Tsetse flies and other hematophagous Diptera may use a variety of sensory cues to locate host animals. Olfaction is used by many species for long-range attraction, and manipulation of responses to host odors has provided new methods for control of tsetse and the potential to control other species. Although progress has been made in characterizing the chemistry of host odors, the dynamics of odor plumes and how these affect the insects’ responses are less well understood. Carbon dioxide (CO2) is an attractant for many hematophagous insects and provides a convenient model for studying odor plumes, although use of this particular compound must take account of the fact that it is already present in the atmosphere at significant levels.
Studies were undertaken in riverine and mopane tsetse habitats in Zimbabwe during the dry season to determine the range at which CO2 from a host animal can be detected against the background concentration of atmospheric CO2. Continuous background monitoring of CO2 was performed at 1 Hz through seven diurnal cycles, providing a baseline for further experimental readings. CO2 was released at 2, 4, 10, 20 and 200 L/min from a cylinder and from two young oxen in a pit at an estimated 4 L/min, and CO2 levels were measured at distances 8, 16, 32 and 64 m downwind from the release point. Subsequent CO2 mixing ratios and background levels were measured at 10 Hz for 10-20 min periods between dawn and dusk. The three spatial components of wind vector and air temperature were monitored simultaneously at the same positions downwind of the source.

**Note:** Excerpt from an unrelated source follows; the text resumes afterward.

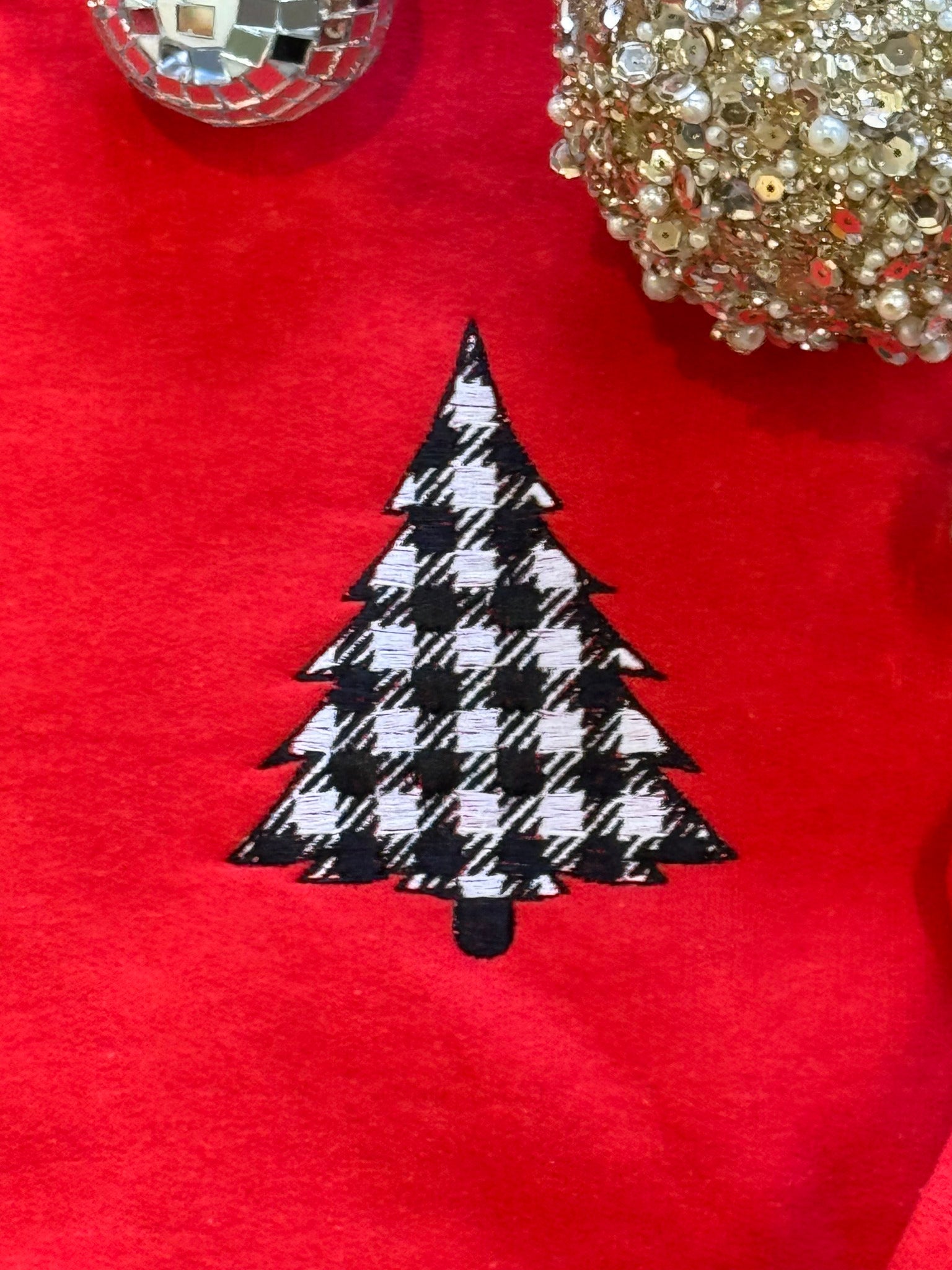 Embroidered Checkered Christmas Tree Sweatshirt

A peak analysis was performed on short sections of the high resolution time series to determine what distance from the release point a plume CO2 signal could be significantly distinguished from the background signal. Due to sparse vegetation and high windspeeds at the mopane site, the background CO2 signal showed an approximately normal distribution and the threshold could be defined in terms of standard deviations. In contrast, the more dense forest canopy and lower windspeed at the riverine site led to a skewed background CO2 distribution. Thus the threshold had to be quantified by means of percentile ranges. Peaks were identified as any CO2 signal above threshold, and bursts were characterized as > 2 continuous peaks. Peaks were detected at all doses of CO2. Numbers of peaks and burst length increased significantly with increasing dose and decreased with increasing distance from the source.
Results to date on the stability of the atmospheric background and the CO2 intensity within peaks and bursts suggest tsetse may well be able to detect CO2 from large distances (> 64 m) downwind of an animal host in certain habitats. These studies of plume structure will be extended in parallel with electrophysiological investigations of the sensitivity of tsetse to CO2 and field studies of tsetse behaviour.